One of the largest electronics companies produced a large repository of Work Instruction and Knowledge Documents spanning across multiple internal functions like Finance, Supply Chain Management, Marketing and Sales and other Customer Service functions.
These large number of documents were published in multiple digital formats of MS Word, PDF and PPTs.
This repository of documents had to be categorized for ease of access across digital platforms and organized archival.
The large number of documents were unorganized and contained duplicate, obsolete or redundant documents. It would be a mammoth of a task for any human to organize and categorize the digital copies of these documents for ease of access.

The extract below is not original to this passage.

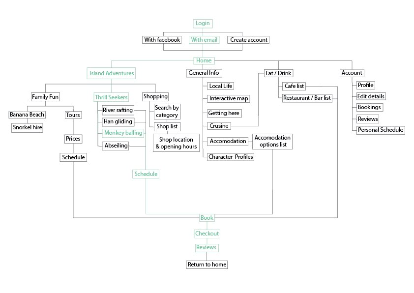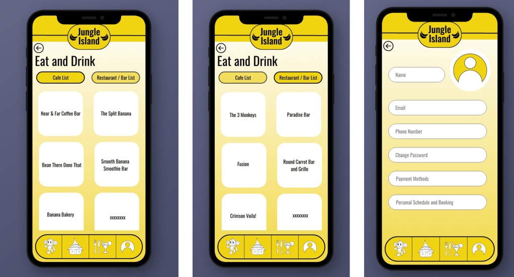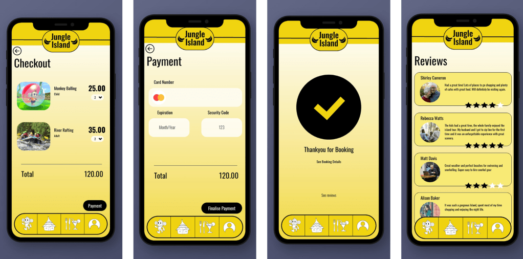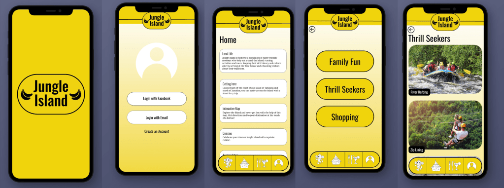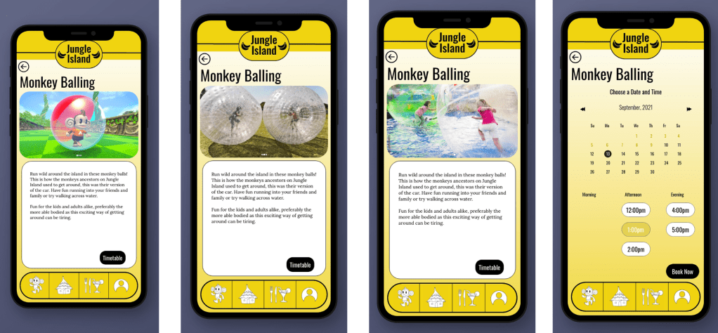 Jungle Island is an app prototype developed for a fictional tourist destination based on the game, Super Monkey Ball Adventure. It was designed to promote the island and aid the user organise and manage their stay, providing information about the island, available activities and a booking system. It was designed to be an easy navigation system for the wide range of users.
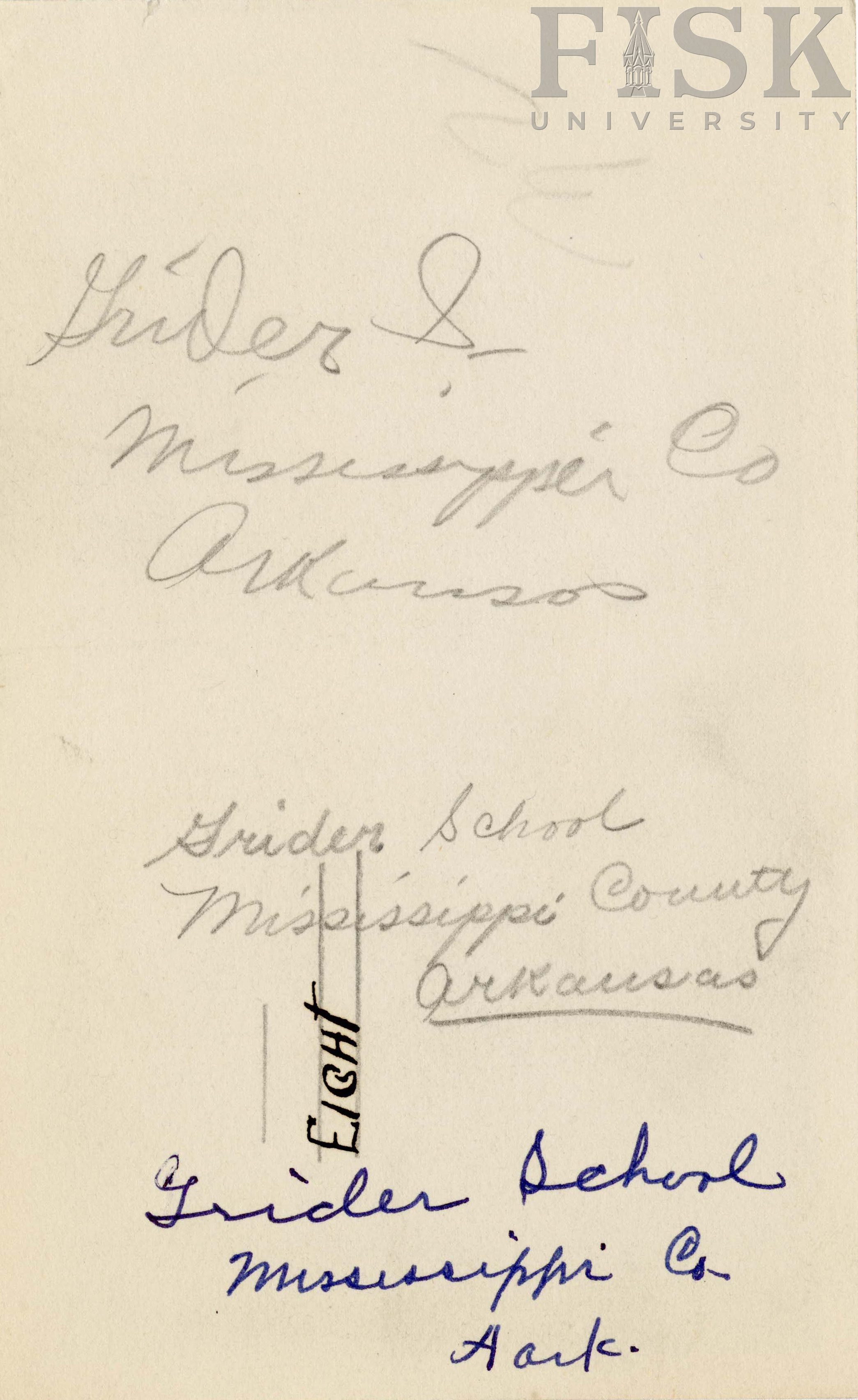 - Photo shows the front view of Grider school in Mississippi, Arkansas with a note that says, "Grider School, Mississippi Co. Arkansas"

To categorize the documents in the least possible time with minimum errors, without wasting much time of valuable human resources of the company. Delivering categorized documents that are easily accessible across digital platforms.
Data Semantics identified that, the solution needed an intelligent automated process to identify the documents and categorize them relevantly, with minimum human dependencies.
The first step to classify the documents was, to identify the tools that are best suited for this process. Data Semantics evaluated tools like RapidMiner, Azure Machine Learning Studio, Amazon Sagemaker, KNIME and Python for the project.
The next step was, to automatically read the data from the documents (PDF, DOC and PPT) and identify the nature of the document. Data Semantics used their Machine Learning (ML) and Natural Language Processing (NLP) systems to read the data and identify whether they are Invoices, Receipts or any other document.
After identifying the content from the document, the NLP systems forwarded the document to a customized Robotic Process Automation (RPA) system which further classified the document into relevant departmental clusters of Finance, Marketing, Supply Chain or any other Customer Service department.
The documents were further confirmed by department experts before archiving them into the departmental cluster.
The electronics giant had more than 10,000 documents identified, sorted and clustered within a few weeks. The document archives are ready to be easily accessible via multiple digital platforms, well ahead of the expected timeline.
Team Involved: Data Scientists, Data Engineers, Domain Experts
Technology Used: Python, Python Machine Learning